I am a sign language interpreter and I am one of the 5% of Americans who love their job. I am also a recovering alcoholic who finally got it! Early on in my career I realized that I could make an impact in others lives due to being an interpreter and an alcoholic in recovery by presenting a workshop to interpreters on how to interpret in the 12 step setting. This would do several things for me. First it would be great service work for the rooms of AA. Second, it would keep me working on my sobriety by giving back what was freely given to me. Third, I would be giving something back to the Deaf Community. Fourth, I would be giving back to my profession. Most importantly it would bring down some barriers Deaf Alcoholics face in getting the message in their own language.
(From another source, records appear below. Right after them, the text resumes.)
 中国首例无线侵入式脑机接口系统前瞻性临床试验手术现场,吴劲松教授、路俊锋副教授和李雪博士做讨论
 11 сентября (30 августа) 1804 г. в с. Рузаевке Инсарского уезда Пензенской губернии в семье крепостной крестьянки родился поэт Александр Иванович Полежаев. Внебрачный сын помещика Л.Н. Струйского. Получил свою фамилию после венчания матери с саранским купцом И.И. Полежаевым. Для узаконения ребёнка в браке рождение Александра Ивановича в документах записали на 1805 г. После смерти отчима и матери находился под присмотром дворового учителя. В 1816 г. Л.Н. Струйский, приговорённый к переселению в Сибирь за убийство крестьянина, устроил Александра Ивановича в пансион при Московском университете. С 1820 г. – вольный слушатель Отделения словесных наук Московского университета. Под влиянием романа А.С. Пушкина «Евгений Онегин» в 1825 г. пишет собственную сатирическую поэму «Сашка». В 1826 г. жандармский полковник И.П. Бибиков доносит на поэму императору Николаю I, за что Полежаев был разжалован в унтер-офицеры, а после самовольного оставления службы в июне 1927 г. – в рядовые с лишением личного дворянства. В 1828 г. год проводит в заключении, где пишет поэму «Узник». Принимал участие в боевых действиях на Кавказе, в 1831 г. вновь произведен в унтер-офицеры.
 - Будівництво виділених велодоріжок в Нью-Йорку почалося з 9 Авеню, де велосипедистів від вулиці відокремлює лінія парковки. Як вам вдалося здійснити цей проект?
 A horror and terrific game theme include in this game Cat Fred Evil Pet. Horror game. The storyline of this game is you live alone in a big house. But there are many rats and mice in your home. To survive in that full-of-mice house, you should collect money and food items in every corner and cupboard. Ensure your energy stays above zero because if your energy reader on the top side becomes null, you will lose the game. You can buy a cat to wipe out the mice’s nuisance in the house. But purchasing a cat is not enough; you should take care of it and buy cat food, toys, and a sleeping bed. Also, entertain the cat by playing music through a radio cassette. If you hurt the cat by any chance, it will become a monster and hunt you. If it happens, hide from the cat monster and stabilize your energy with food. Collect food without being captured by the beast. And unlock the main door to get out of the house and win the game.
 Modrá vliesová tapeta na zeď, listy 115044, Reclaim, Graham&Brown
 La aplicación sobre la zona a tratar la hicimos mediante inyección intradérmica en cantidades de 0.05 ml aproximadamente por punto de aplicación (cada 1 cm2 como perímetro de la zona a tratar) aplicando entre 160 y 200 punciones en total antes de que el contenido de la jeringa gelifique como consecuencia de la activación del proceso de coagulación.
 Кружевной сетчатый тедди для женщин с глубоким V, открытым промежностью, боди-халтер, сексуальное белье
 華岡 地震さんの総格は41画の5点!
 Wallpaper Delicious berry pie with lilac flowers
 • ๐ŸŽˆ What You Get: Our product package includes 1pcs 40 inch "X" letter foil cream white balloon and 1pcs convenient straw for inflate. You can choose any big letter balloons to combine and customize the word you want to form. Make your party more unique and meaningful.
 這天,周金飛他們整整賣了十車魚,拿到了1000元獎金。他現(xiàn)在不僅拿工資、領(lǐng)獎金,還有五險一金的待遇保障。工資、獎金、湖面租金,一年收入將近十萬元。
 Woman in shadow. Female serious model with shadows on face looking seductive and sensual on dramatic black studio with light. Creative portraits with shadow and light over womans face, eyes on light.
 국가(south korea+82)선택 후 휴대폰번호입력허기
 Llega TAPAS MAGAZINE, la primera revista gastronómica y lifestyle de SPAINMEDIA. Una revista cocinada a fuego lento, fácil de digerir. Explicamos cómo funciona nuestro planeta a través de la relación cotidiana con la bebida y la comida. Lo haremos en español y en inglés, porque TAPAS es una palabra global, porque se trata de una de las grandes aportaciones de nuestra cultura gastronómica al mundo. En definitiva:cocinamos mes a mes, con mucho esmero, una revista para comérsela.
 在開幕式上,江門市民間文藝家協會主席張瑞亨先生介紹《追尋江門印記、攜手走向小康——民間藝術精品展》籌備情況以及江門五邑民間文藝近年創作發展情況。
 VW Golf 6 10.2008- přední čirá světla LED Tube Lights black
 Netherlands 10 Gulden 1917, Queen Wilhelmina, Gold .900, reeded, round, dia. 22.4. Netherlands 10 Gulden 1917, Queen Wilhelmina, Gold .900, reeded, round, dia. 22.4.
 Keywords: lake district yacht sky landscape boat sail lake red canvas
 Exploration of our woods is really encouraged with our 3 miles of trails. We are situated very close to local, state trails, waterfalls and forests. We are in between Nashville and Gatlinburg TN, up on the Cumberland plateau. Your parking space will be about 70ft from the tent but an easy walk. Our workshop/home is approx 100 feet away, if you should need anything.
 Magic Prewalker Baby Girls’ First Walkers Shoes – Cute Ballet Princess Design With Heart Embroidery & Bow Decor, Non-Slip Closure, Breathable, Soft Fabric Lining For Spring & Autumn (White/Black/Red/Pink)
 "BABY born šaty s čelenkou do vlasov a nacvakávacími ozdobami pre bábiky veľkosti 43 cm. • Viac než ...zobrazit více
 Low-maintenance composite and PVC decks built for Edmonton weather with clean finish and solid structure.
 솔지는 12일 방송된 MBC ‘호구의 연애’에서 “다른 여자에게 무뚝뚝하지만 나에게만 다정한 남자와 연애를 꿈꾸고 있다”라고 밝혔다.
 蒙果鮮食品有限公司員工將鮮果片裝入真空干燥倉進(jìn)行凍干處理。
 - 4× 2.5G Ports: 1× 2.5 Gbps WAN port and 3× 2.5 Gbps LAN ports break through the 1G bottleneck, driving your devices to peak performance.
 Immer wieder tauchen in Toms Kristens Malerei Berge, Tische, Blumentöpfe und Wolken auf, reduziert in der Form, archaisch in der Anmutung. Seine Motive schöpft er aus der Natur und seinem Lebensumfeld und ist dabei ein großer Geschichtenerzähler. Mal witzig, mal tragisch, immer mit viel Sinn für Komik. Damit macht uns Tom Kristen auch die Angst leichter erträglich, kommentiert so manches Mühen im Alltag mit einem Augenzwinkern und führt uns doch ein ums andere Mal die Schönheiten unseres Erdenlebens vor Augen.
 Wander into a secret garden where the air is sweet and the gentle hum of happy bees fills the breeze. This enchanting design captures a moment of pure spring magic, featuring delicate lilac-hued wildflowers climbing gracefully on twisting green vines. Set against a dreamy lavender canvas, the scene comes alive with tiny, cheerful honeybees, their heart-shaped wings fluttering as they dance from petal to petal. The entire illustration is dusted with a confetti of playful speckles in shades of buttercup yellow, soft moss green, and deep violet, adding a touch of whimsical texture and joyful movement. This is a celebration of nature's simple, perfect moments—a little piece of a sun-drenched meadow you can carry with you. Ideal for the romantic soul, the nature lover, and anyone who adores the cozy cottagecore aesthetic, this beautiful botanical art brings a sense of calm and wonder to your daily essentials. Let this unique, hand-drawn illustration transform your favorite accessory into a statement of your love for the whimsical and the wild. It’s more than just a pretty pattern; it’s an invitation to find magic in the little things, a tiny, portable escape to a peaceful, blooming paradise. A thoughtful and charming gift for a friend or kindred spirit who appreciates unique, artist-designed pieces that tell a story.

For me and millions more it is easy to get the life saving message of AA. All we have to do is walk in and sit in a room where a meeting is being held, not so easy for the Deaf Alcoholic.

To know that I could help a group of alcoholics get the message to easily accessible means a great deal to me. I know for myself that getting the message was the easiest part of my recovery, for the Deaf it is the greatest challenge they will face outside of their own minds, stinking thinking.

So, because I am sober I was able to present my workshop at community college in my home town to a group of interns and staff. I had my challenges, but with the support of AA and my professional mentors, Julie & Houston I was able to accomplish a dream I was not sure would ever come to pass.

I will say that I was scared and unsure of myself. I did not know if I would come across as a professional in my field and more importantly as an expert worth listening to. What I did was I worked as hard as I could and stayed in the moment of the days leading up to the workshop. I contacted my sponsor and my mentors when I felt overwhelmed or just needed some reassurance. I'd sit and meditate and allow my feeling to take their course. Most importantly I followed my desire, to be of service to those in my profession and to AA. I know this work is important because it can save lives. To be frank it has saved mine in more ways I ever thought possible.

Now, I am looking at expanding my workshop from 3 hours to a day and a two day workshop. I also have plans to write an educational book for interpreters since we don't have one for working in 12 step settings.

Fantasies are unattainable, but sobriety makes them into dreams that are attainable. I know, I lived one just the other day.